Emerging economies and developing countries have become so disenchanted with the existing global financial architecture, not least countries in this region, that there is emerging what Professor Woods has termed  
‘Anger in Africa’  
 
towards those ageing financial global dinosaurs. No wonder at it, so locked in the past are they seen to have become, so inflexible and prescriptive, so inept at responding to a changing world.
 
A long engagement
As we look at our tasks ahead, we might do so in the light of that common family experience of preparing for the marriage of a daughter or son. Joy tempered with Realism.  So I guess we are in for a rather long engagement in sub-regional banking. This is our seventh encounter and at present we are just about holding hands.
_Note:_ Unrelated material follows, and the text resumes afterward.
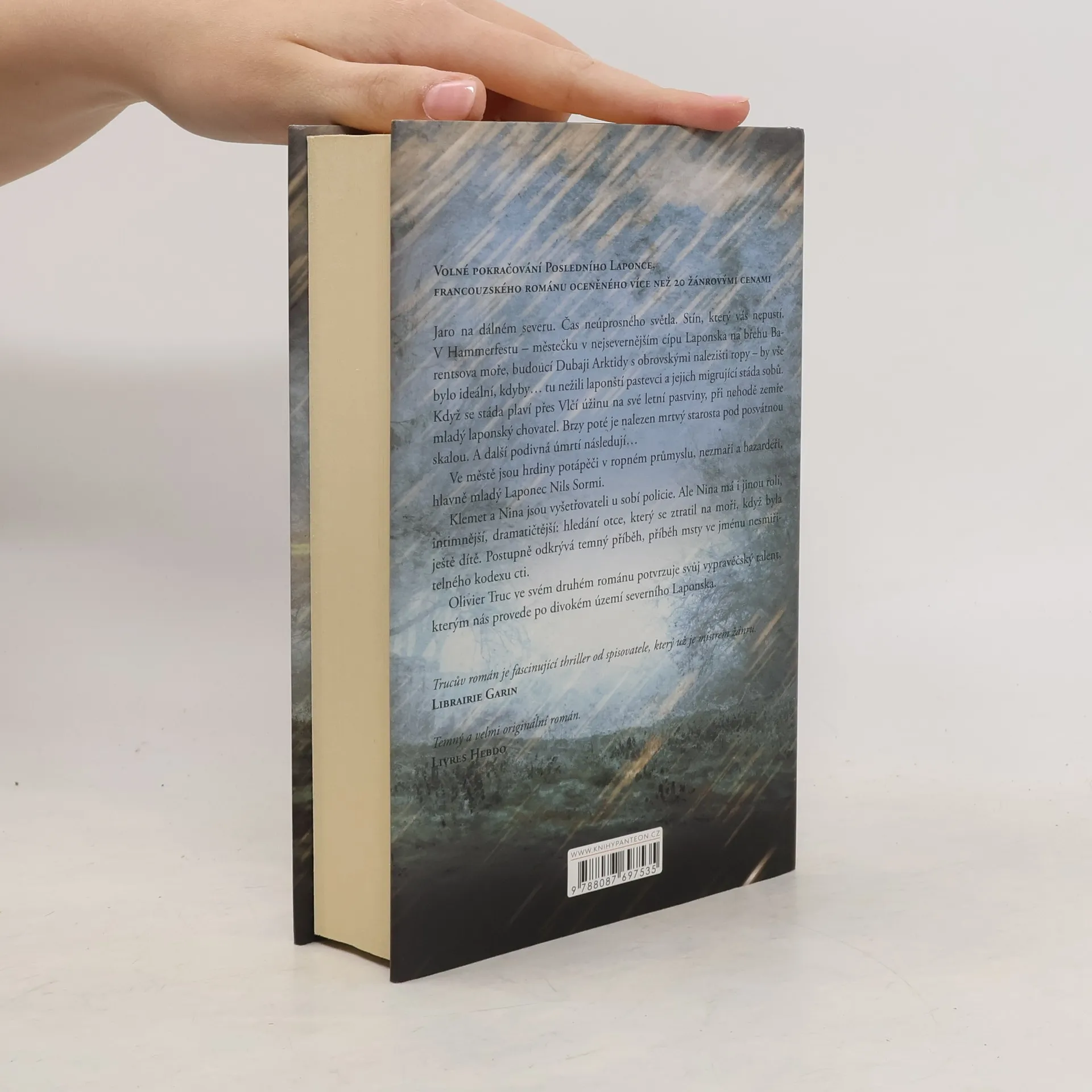 Volné pokračování POSLEDNÍHO LAPONCE, francouzského románu oceněného více než 20 žánrovými cenami. Jaro na dálném severu. Čas neúprosného světla. Stín, který vás nepustí. V Hammerfestu – městečku v nejsevernějším cípu Laponska na břehu Barentsova moře, budoucí Dubaji Arktidy s obrovskými nalezišti ropy – by vše bylo ideální, kdyby… tu nežili laponští pastevci a jejich migrující stáda sobů. Když stáda plavou přes Vlčí průliv na své letní pastviny, při nehodě zemře mladý laponský chovatel. Brzy poté je nalezen mrtvý starosta pod posvátnou skalou. A další podivná úmrtí pokračují… Ve městě jsou hrdiny potápěči v ropném průmyslu, nezmaři a hazardéři, hlavně mladý Laponec Nils Sormi. Klemet a Nina jsou vyšetřovateli u sobí policie. Ale Nina má jinou roli, intimnější, dramatičtější: hledání otce, který se ztratil na moři, když byla ještě dítě. Odhalí temný příběh spřádaný pomstou na pozadí nesmiřitelného kodexu cti. Olivier Truc ve svém druhém románu potvrzuje svůj vypravěčský talent, kterým nás provede po divokém území severního Laponska.

The prospect of formal registration and the very act of consummation is, have no fear, yet a long way off.
 
But as George Meredith ironically declared:  
 
‘Kissing don’t last: cookery do!’
 
Thus if we are to progress from flirtation to commitment, we must enter the kitchen, roll up our sleeves and encounter the heat, global warming and all!  
 
Beyond the looking glass
For this our 7th meeting here in Mauritius we have a clear agenda on important current aspects of monetary and financial matters. At this time when banking has become a rather hot issue of geopolitics, we might wish to heed the grinding of the underlying geopolitical plates. It is, I believe, an opportune moment.  
 
Let us, then, over these days, give some thought to the implications of the structural issues of governance, I have touched on tonight. Let us reflect on the guiding principles which should govern the longer-term strategy of our central banks. For we are moving step by step, from merely holding hands,  towards  that undiscovered country, the terrors and delights of a regional monetary and economic matrimonial bed!  
 
As we peer then, beyond that looking glass, to glimpse the reality of that distant event, we should endeavour to ensure that our future marriage becomes more than a mere  
 
‘.. triumph of hope over experience’5
 
For as we navigate through today’s troubled waters, we should reflect on Harold Nicholson’s prescription for surviving such matrimony when he once opined: 
 
 
 ‘The great secret of a successful marriage is to treat all disasters as incidents and none of the incidents as disasters’
 
Let us now together rise; I call on you to raise your glasses to our long, fruitful, disasterfree engagement, and to our absent friends.
 
 
 
1 Professor N Woods (2008) A Commonwealth Initiative to Support Reform of the IMF and World Bank, paper presented  at Commonwealth Heads of Government meeting, June. Also see related Marlborough House Statement 10 June 2008 
2 Credibility at Stake The Economist 14 June 2008, p 39-40; also  see BBC business news Inflation in Eurozone at new high, www.bbc.co.uk/1/hi/business  7/4/2008
3 Worden B (2007) Literature and Politics in Cromwellian England, Oxford.